# UG gas line w/ Permasert fittings



## plumber666 (Sep 19, 2010)

Man I love these permasert gas fittings. I'm doing a 160ish foot, 1 1/4" underground gas line today. Usta have to measure perfectly and buy the polyethylene line with risers on both ends. I'd always order the pipe a few feet too long and have to serpentine it through the trench to make it work. For this one, ordered the pipe 170' long with a riser on one end. I'll cut off the extra few feet and slide the other riser with the permasert coupling on it and voila, done deal.
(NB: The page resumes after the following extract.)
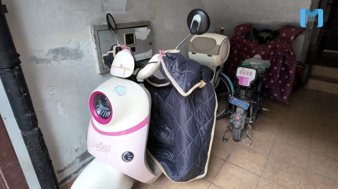 记者进入该小区,随机暗访了6栋高层住宅和12栋多层住宅,发现其中半数以上的居民楼的底楼公共楼道里,都停放着电动自行车,有的楼道里少则停放着1辆,最多的停放了5辆,楼道内张贴的消防通道禁止停车堆物和安全告知书形同虚设,有人把电动车安全帽直接挂在墙上,有人从三楼飞线到地面给电动自行车充电,而在居民楼的旁边,就有室外集中充电的车棚。
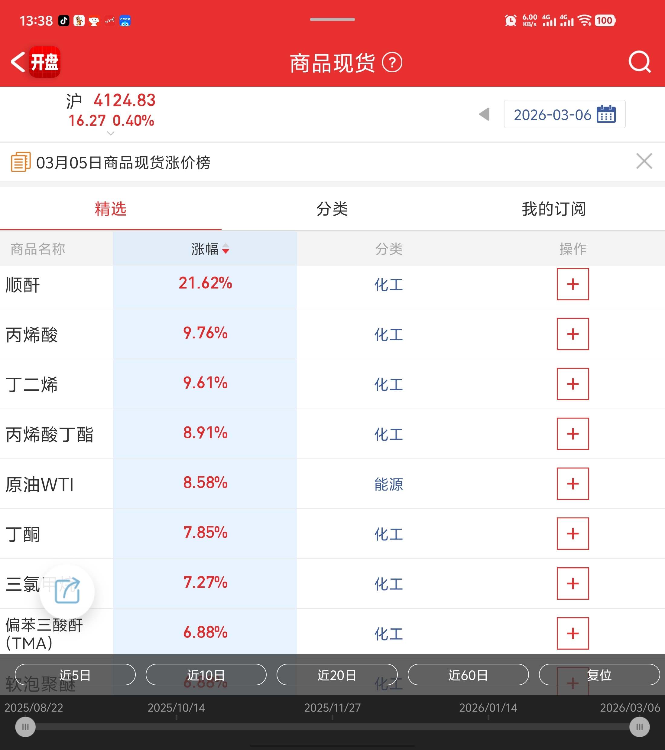 $齐翔腾达(SZ002408)$ 价格出来了,齐翔腾达30多个化工品,霸占涨幅榜。

Never seen a leak with these fittings, work slick as s**t.


----------



## OldSchool (Jan 30, 2010)

There is a tool for rimming the inside and outside of that pipe before you push it together


----------



## plumber666 (Sep 19, 2010)

1/2 round files all I've ever used.


----------



## OldSchool (Jan 30, 2010)

i think it is called champher tool I think.....we got one but the proper spelling I would have to check


----------



## Tommy plumber (Feb 19, 2010)

OldSchool said:


> i think it is called champher tool I think.....we got one but the proper spelling I would have to check


 
I've used that tool on PE gas line. If you're using three different pipe sizes, then you need three of those champhering tools. They're size specific.


----------



## OldSchool (Jan 30, 2010)

Tommy plumber said:


> I've used that tool on PE gas line. If you're using three different pipe sizes, then you need three of those champhering tools. They're size specific.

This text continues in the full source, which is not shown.